Dataset excerpts
◇ ◇ ◇ ◇ ◇ ◇ ◇

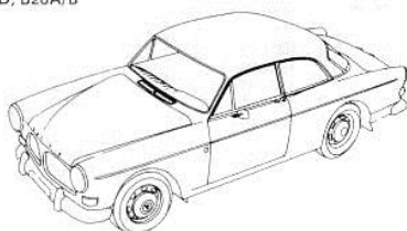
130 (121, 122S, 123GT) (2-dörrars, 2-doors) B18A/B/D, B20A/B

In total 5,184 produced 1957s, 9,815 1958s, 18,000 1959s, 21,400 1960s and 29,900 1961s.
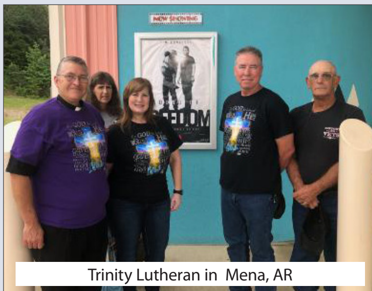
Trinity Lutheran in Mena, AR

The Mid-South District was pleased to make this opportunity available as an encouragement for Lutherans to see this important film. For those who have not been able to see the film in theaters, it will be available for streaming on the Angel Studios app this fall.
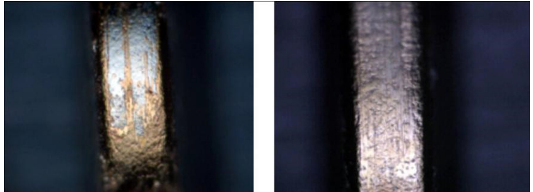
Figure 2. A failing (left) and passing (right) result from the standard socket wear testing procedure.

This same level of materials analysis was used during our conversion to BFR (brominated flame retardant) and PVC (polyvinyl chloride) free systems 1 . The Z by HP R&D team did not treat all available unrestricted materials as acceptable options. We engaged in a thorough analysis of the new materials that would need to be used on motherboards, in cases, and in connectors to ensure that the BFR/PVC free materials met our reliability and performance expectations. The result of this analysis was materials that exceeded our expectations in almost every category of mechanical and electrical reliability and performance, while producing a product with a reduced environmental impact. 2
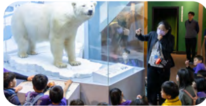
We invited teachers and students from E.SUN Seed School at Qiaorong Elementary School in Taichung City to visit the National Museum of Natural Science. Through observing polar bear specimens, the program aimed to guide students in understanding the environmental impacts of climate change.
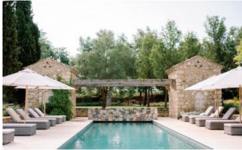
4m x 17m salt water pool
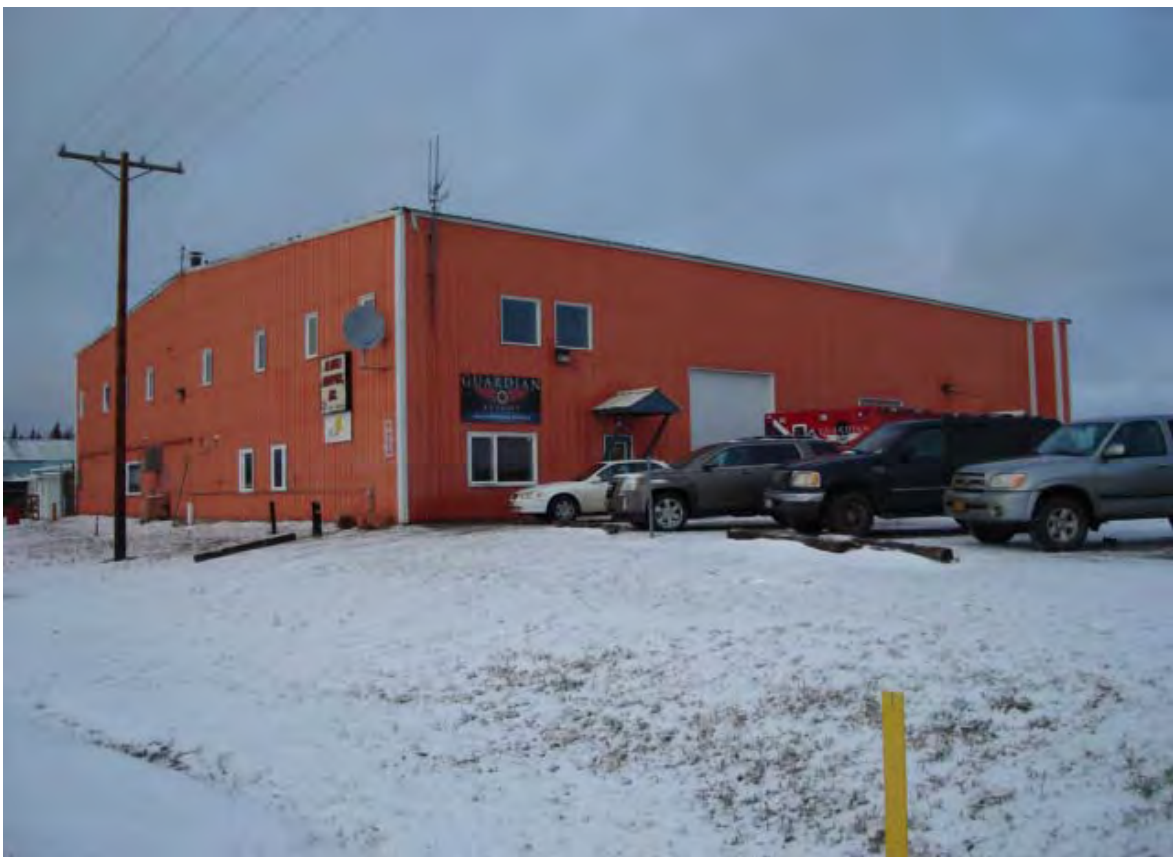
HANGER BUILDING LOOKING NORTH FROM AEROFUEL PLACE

◇ ◇ ◇ ◇ ◇ ◇ ◇

_WHAT YOU WILL DO_
In the entries above, find the line that contains "In total 5,184" and the line that contains "4m x 17m salt water pool". Reproduce exactly those two lines and every line between them, but not the pictures.

_RESULT FOR THIS TASK_
In total 5,184 produced 1957s, 9,815 1958s, 18,000 1959s, 21,400 1960s and 29,900 1961s.
Trinity Lutheran in Mena, AR

The Mid-South District was pleased to make this opportunity available as an encouragement for Lutherans to see this important film. For those who have not been able to see the film in theaters, it will be available for streaming on the Angel Studios app this fall.
Figure 2. A failing (left) and passing (right) result from the standard socket wear testing procedure.

This same level of materials analysis was used during our conversion to BFR (brominated flame retardant) and PVC (polyvinyl chloride) free systems 1 . The Z by HP R&D team did not treat all available unrestricted materials as acceptable options. We engaged in a thorough analysis of the new materials that would need to be used on motherboards, in cases, and in connectors to ensure that the BFR/PVC free materials met our reliability and performance expectations. The result of this analysis was materials that exceeded our expectations in almost every category of mechanical and electrical reliability and performance, while producing a product with a reduced environmental impact. 2
We invited teachers and students from E.SUN Seed School at Qiaorong Elementary School in Taichung City to visit the National Museum of Natural Science. Through observing polar bear specimens, the program aimed to guide students in understanding the environmental impacts of climate change.
4m x 17m salt water pool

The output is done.